## What you should do
The material below should be copied line for line, please, with pictures omitted.

## Dataset content
------------------------------------
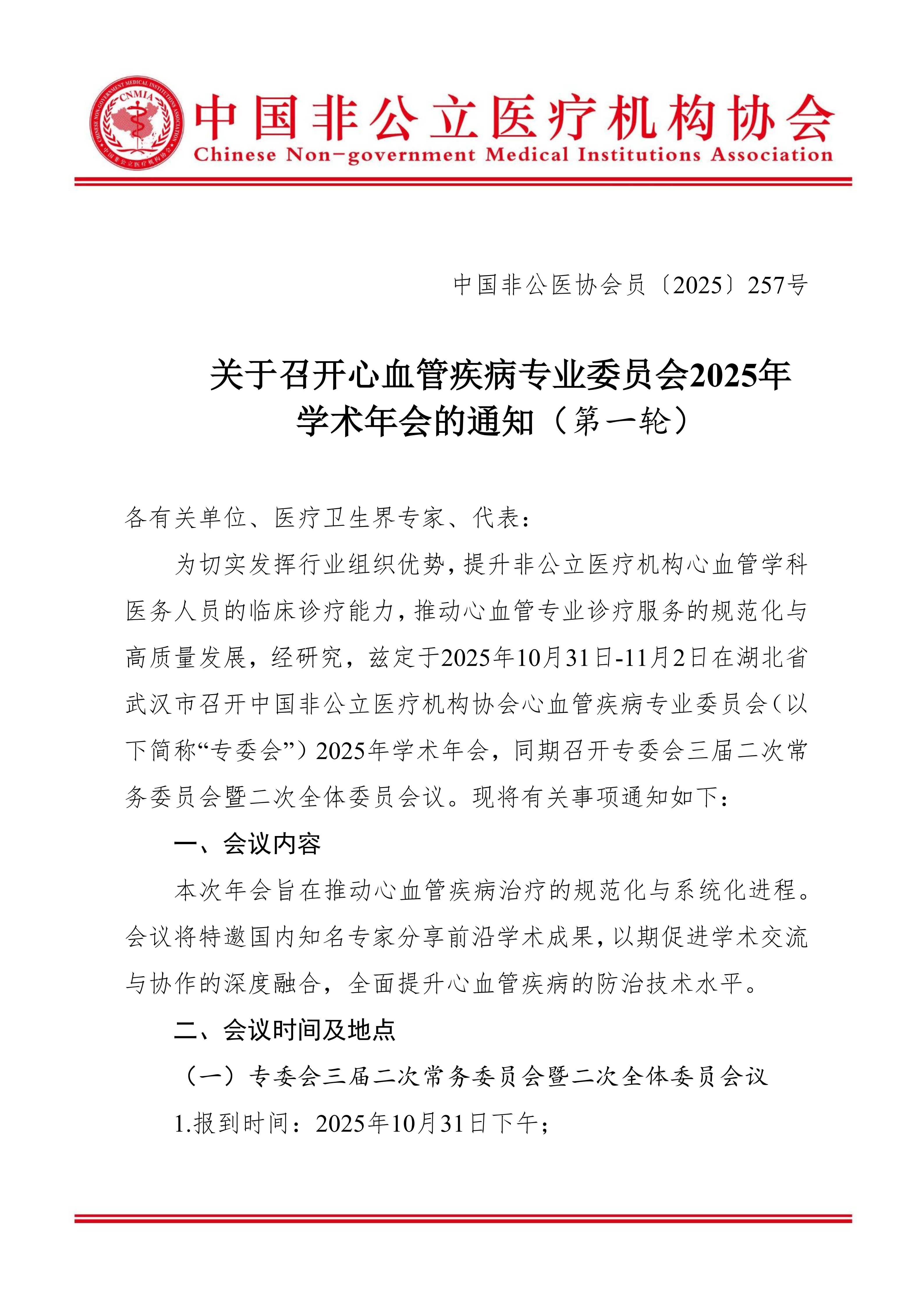 分支机构丨关于召开心血管疾病专业委员会2025年学术年会的通知(第一轮)
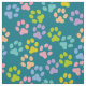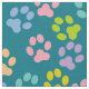 En utskrivaven tygdesign som presenterar tass avtryck för sötfärgadhund på en krickabakgrund.
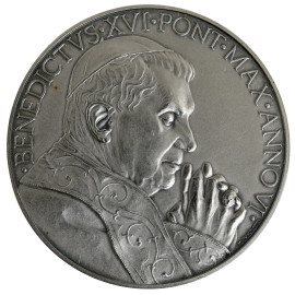 Lotto di 2 medaglie pontificie in argento (peso totale gr. 80), 2 in bronzo e una serie vaticana di monetazione in euro, (difetti)
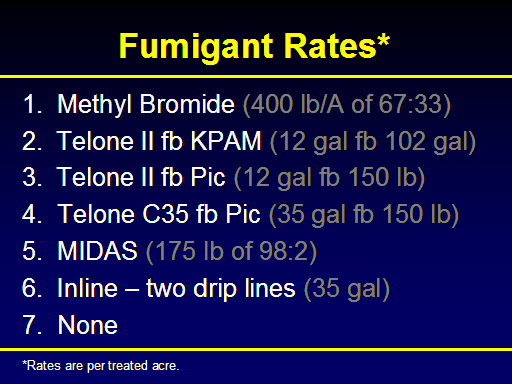 Fumigant Rates*<BR>1.  Methyl Bromide (400 lb/A of 67:33)
------------------------------------
## Result below
 分支机构丨关于召开心血管疾病专业委员会2025年学术年会的通知(第一轮)
 En utskrivaven tygdesign som presenterar tass avtryck för sötfärgadhund på en krickabakgrund.
 Lotto di 2 medaglie pontificie in argento (peso totale gr. 80), 2 in bronzo e una serie vaticana di monetazione in euro, (difetti)
 Fumigant Rates*<BR>1.  Methyl Bromide (400 lb/A of 67:33)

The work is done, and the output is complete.